:: Task details ::
Retype, word for word, each line between the lines holding "รหัสสินค้า : 297434" and "The watercolour is", inclusive, and leave the rest of the data alone.
[[ Supplied records open ]]
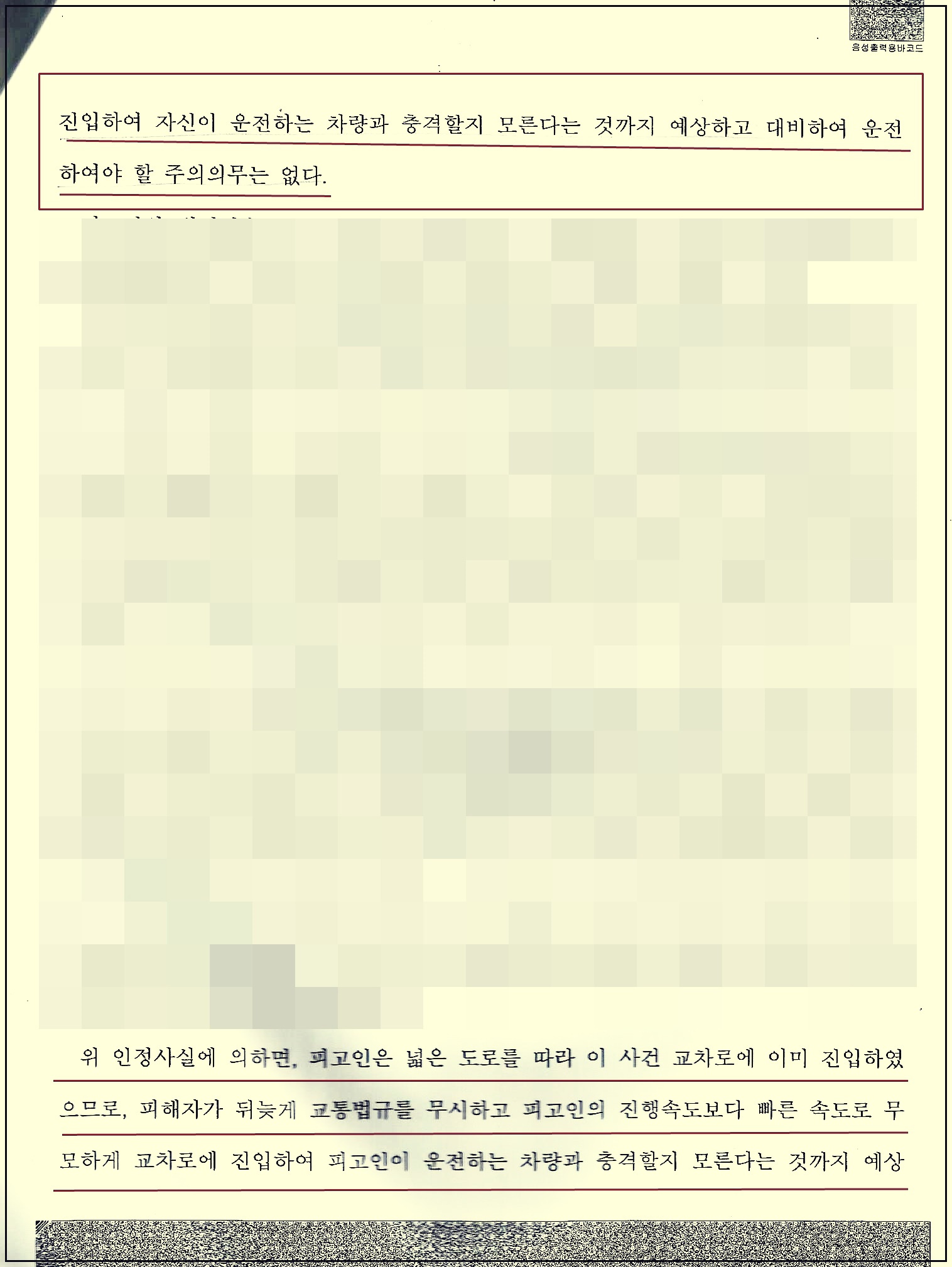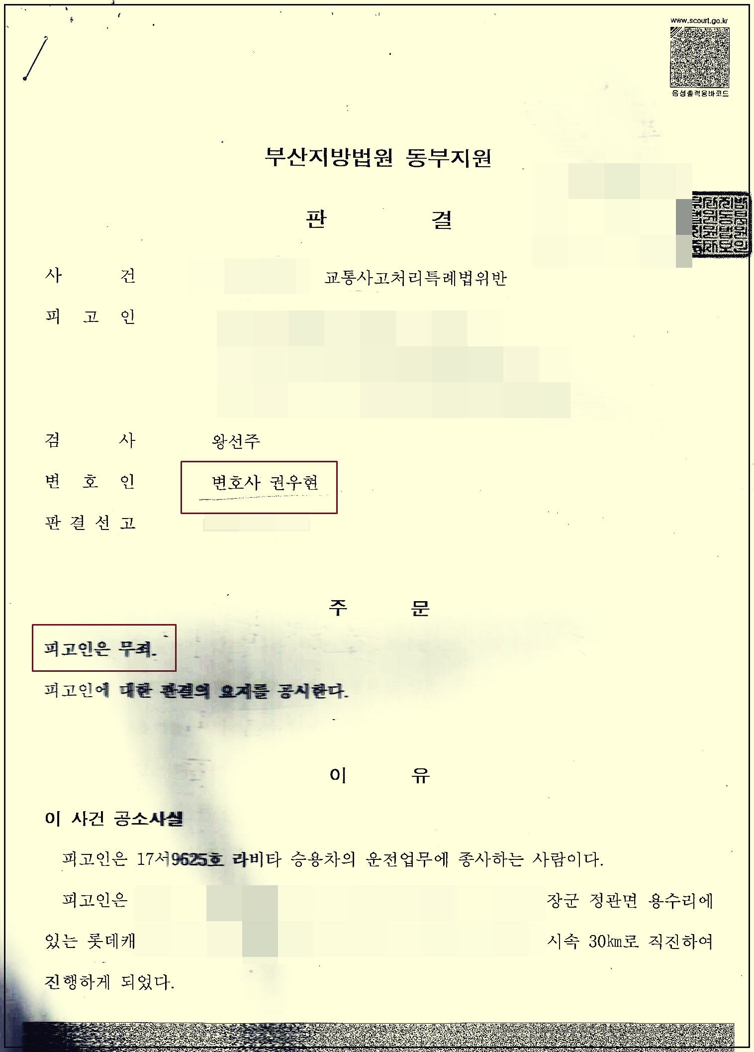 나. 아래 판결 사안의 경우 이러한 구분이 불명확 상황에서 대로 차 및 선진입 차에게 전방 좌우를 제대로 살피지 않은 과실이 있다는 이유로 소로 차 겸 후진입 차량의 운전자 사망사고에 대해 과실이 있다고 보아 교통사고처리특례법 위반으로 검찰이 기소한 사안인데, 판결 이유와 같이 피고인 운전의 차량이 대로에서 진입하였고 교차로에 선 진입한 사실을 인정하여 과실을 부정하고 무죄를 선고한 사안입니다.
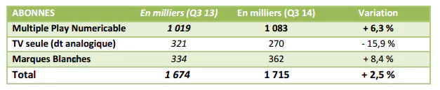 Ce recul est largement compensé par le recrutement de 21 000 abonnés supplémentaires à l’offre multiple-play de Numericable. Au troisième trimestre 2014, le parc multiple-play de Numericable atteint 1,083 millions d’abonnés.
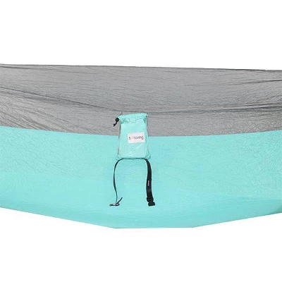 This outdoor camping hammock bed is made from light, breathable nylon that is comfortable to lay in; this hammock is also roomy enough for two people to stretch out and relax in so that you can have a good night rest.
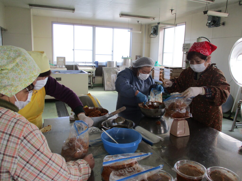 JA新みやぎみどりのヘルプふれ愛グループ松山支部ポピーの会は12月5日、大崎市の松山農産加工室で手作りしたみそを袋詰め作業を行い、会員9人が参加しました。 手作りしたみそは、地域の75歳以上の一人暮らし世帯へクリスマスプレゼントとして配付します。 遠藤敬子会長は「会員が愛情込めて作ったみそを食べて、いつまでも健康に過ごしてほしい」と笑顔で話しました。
[[ Supplied records closed ]]
[[ Supplied records open ]]
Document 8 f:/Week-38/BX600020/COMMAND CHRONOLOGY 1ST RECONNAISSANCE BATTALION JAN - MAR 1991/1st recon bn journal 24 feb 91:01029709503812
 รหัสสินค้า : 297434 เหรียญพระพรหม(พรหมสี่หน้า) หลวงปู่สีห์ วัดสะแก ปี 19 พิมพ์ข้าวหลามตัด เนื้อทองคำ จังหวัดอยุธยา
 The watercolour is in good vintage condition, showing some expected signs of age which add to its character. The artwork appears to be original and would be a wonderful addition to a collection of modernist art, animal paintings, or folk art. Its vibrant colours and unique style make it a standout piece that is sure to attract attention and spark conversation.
[[ Supplied records closed ]]
[[ Supplied records open ]]
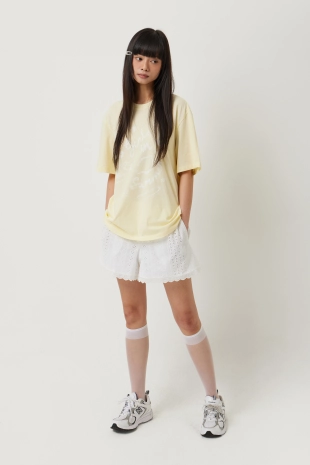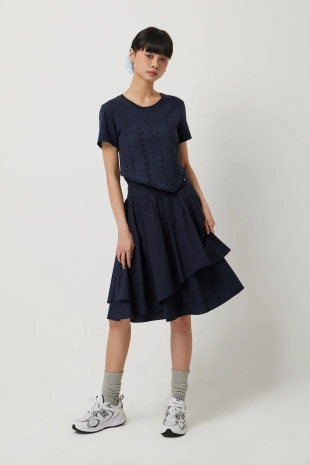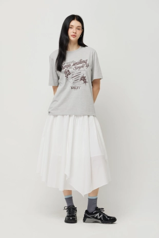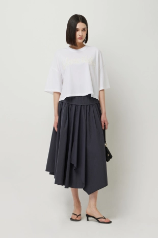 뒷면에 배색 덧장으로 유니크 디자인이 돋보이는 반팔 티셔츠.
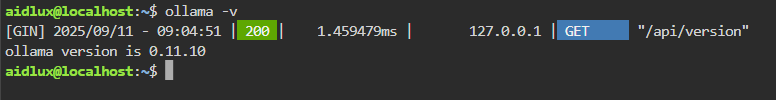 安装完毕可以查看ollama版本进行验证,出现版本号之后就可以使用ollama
[[ Supplied records closed ]]
:: Result of the exercise ::
 รหัสสินค้า : 297434 เหรียญพระพรหม(พรหมสี่หน้า) หลวงปู่สีห์ วัดสะแก ปี 19 พิมพ์ข้าวหลามตัด เนื้อทองคำ จังหวัดอยุธยา
 The watercolour is in good vintage condition, showing some expected signs of age which add to its character. The artwork appears to be original and would be a wonderful addition to a collection of modernist art, animal paintings, or folk art. Its vibrant colours and unique style make it a standout piece that is sure to attract attention and spark conversation.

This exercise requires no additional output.